Çukurova Üniversitesi Tıp Fakültesi Balcalı Hastanesi  Çocuk Gastroenteroloji Uzmanı Prof. Dr. Gökhan Tümgör çok sık görülmesine rağmen toplumumuzda çoğu kişinin hastalığı olduğunu bilmeden yaşamını devam ettirdiğini dile getirdi. Tümgör Ülkemizde okul çocuklarında yapılan bir çalışmada sıklığının 110 çocukta bir olduğuna dikkati çekerek, ülke nüfusunun yaklaşık seksen milyon olduğu düşünüldüğünde ortalama yediyüzbin çölyak hastası olmasının beklendiğinin altını çizdi. Tümgör, “Oysa ülkemizde tanı konulmuş çölyak hastası sayısı yaklaşık 10.000-15.000 civarında, çölyak hastalığı tanısı neden bu kadar az konuluyor bu konunun da ayrı bir soru işareti olarak irdelenmesi gerekir” dedi.

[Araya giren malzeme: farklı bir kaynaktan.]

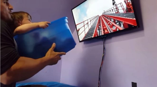 Así que se le ocurrió conectar su Smart TV a Youtube, puso un video de una montaña rusa y subió a la pequeña a una caja de plástico. El resto es pura fantasía.

ÇÖLYAK’IN BELİRTİSİ OLMAYABİLİR

Çölyak hastalığı olan kişilerin çok farklı belirtilerle hastaneye başvurabildiğini belirten Prof. Dr. Gökhan Tümgör, Çölyak hastalığı her organı tutabiliyor, hastalar doktora tekrarlayan demir eksikliği anemisi, kronik karın ağrısı, ishal, kabızlık, eklem ağrıları, şişlikleri, epilepsi, karaciğer enzim yüksekliği, açıklanamayan infertilite, diş problemleri, saç dökülmesi gibi yakınmalarla başvurabiliyorlar ifadesini kullandı.

Küçük çocuklarda ise genellikle çölyak hastalığının klasik bulguları olduğuna vurgu yapan Tümgör, gelişme geriliği, kronik ishal, kusma, karında şişkinlik, kas güçsüzlüğü ve iştahsızlığın çoğu hastada var olduğunu aynı zamanda bazı hastalıklarla birlikte görülme sıklığının da fazla olabildiğini ayrıca tiroid bezi hastalıkları, çocuklarda şeker hastalığı ve buna benzer diğer bağışık sistemin uyarılması ile gelişen hastalıklarda da çölyak hastalığının daha sık saptandığına değindi. 

Çölyak hastalığının tanısının basit bir kan testi ile konulabilmekte olduğuna işaret eden Tümgör, eğer test sonucu pozitif saptanırsa hastaya üst gastrointestinal sistem endoskopisi yapılması gerektiğini, testin negatif çıkması durumda ise büyük olasılıkla kişinin çölyak hastası olmayacağını sözlerine ekledi.

Prof. Dr. Gökhan Tümgör, Çölyak tanısının konulmasının önemli olduğunu, tanı konulup uygun tedavi edildiğinde hastanın yakınmalarının düzeleceğini ve sonradan gelişebilecek sorunların önlenebileceğini dile getirdi.  

EN ÖNEMLİ TEDAVİ DİYET
Çölyak hastalığının günümüzdeki  tek tedavisinin katı diyet olduğunun altını çizen Tümgör, sözlerini şöyle sürdürdü; “Diyet gluten içeren gıdaların tüketilmemesidir. Çölyak hastaları için buğday, çavdar ve arpa ve yulaf toksik iken pirinç ve mısır toksik değildir. Çölyak hastalığının günümüzde başka bir tedavisi yoktur. Çölyak için farklı tedavi yöntemleri denediğini söyleyen kişilere itibar edilmemelidir. Çocuklarda diyete başladıktan sonra ishalleri durmakta, karın şişlikleri düzelmekte ve çok hızlı bir şekilde kilo almakta ve boyları uzamaktadır. Çölyak hastalığının yol açtığı tüm belirtiler kaybolmaktadır. Çölyak hastaları kesin tanı konulduğunda ömür boyu diyet yapmalıdırlar. Küçük yaşta çölyak tanısı konulanlar, şüpheli tanısı olanlar, endoskopi olmadan diyet başlanan çocuklar Çölyak hastalığı açısından 6-7 yaşlarından sonra tekrar değerlendirilebilirler”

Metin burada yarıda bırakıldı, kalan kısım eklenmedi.